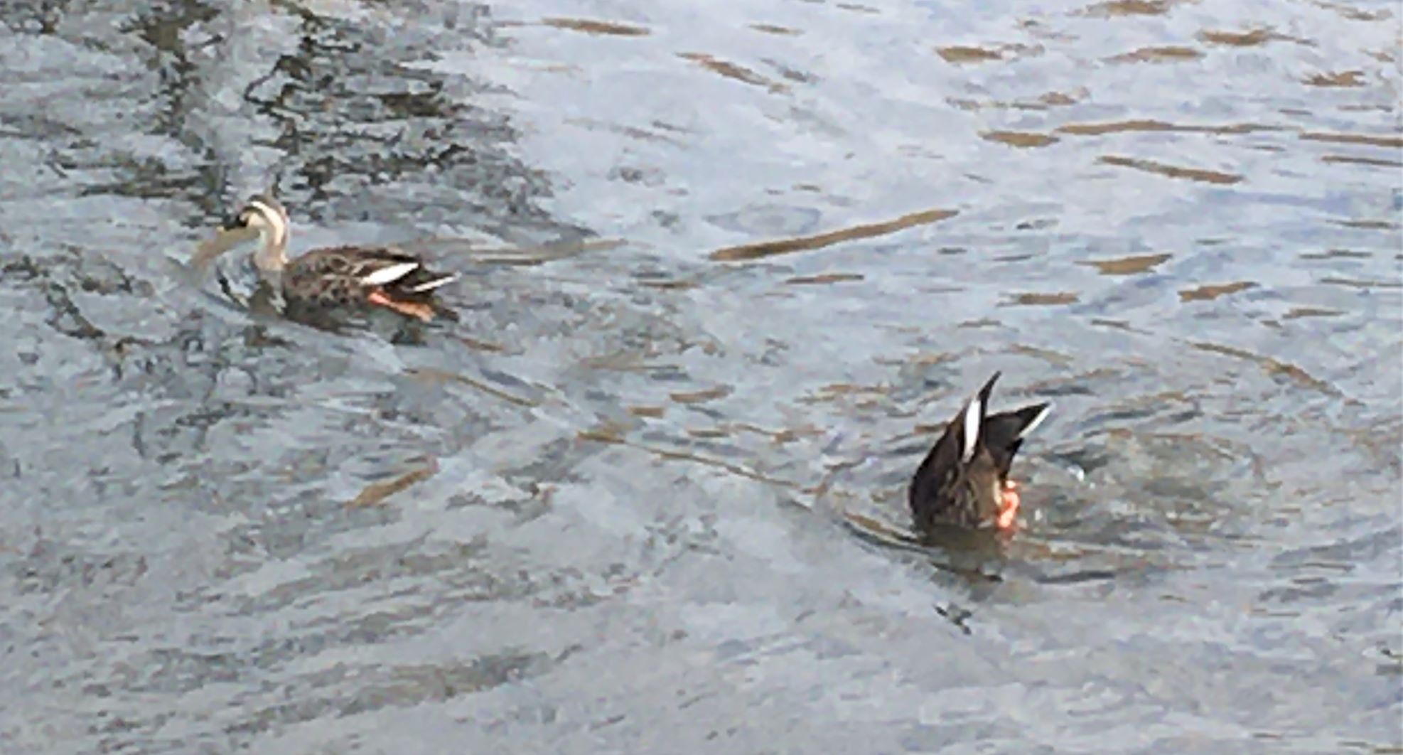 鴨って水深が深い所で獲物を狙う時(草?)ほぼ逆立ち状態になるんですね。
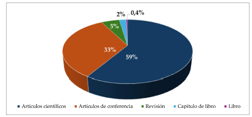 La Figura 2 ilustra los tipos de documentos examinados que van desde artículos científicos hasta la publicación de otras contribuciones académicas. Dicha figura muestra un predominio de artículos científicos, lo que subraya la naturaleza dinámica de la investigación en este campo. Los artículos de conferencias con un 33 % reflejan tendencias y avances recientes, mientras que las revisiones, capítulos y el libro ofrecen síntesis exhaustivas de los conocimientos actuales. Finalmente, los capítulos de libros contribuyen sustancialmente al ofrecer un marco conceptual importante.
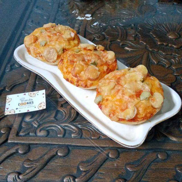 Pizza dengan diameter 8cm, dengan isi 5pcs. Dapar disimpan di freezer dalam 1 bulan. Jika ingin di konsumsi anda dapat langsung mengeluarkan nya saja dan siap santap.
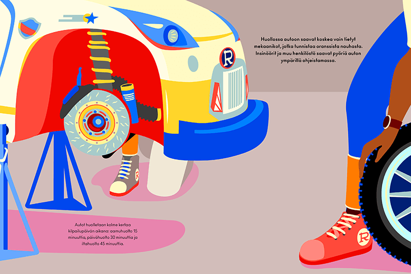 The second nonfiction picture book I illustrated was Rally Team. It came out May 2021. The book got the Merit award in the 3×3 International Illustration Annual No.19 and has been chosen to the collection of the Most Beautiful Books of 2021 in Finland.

══════

> _TASK DIRECTIONS_
Retype all the data exactly. Omit pictures.

> _RESPONSE BOX_
 鴨って水深が深い所で獲物を狙う時(草?)ほぼ逆立ち状態になるんですね。
 La Figura 2 ilustra los tipos de documentos examinados que van desde artículos científicos hasta la publicación de otras contribuciones académicas. Dicha figura muestra un predominio de artículos científicos, lo que subraya la naturaleza dinámica de la investigación en este campo. Los artículos de conferencias con un 33 % reflejan tendencias y avances recientes, mientras que las revisiones, capítulos y el libro ofrecen síntesis exhaustivas de los conocimientos actuales. Finalmente, los capítulos de libros contribuyen sustancialmente al ofrecer un marco conceptual importante.
 Pizza dengan diameter 8cm, dengan isi 5pcs. Dapar disimpan di freezer dalam 1 bulan. Jika ingin di konsumsi anda dapat langsung mengeluarkan nya saja dan siap santap.
 The second nonfiction picture book I illustrated was Rally Team. It came out May 2021. The book got the Merit award in the 3×3 International Illustration Annual No.19 and has been chosen to the collection of the Most Beautiful Books of 2021 in Finland.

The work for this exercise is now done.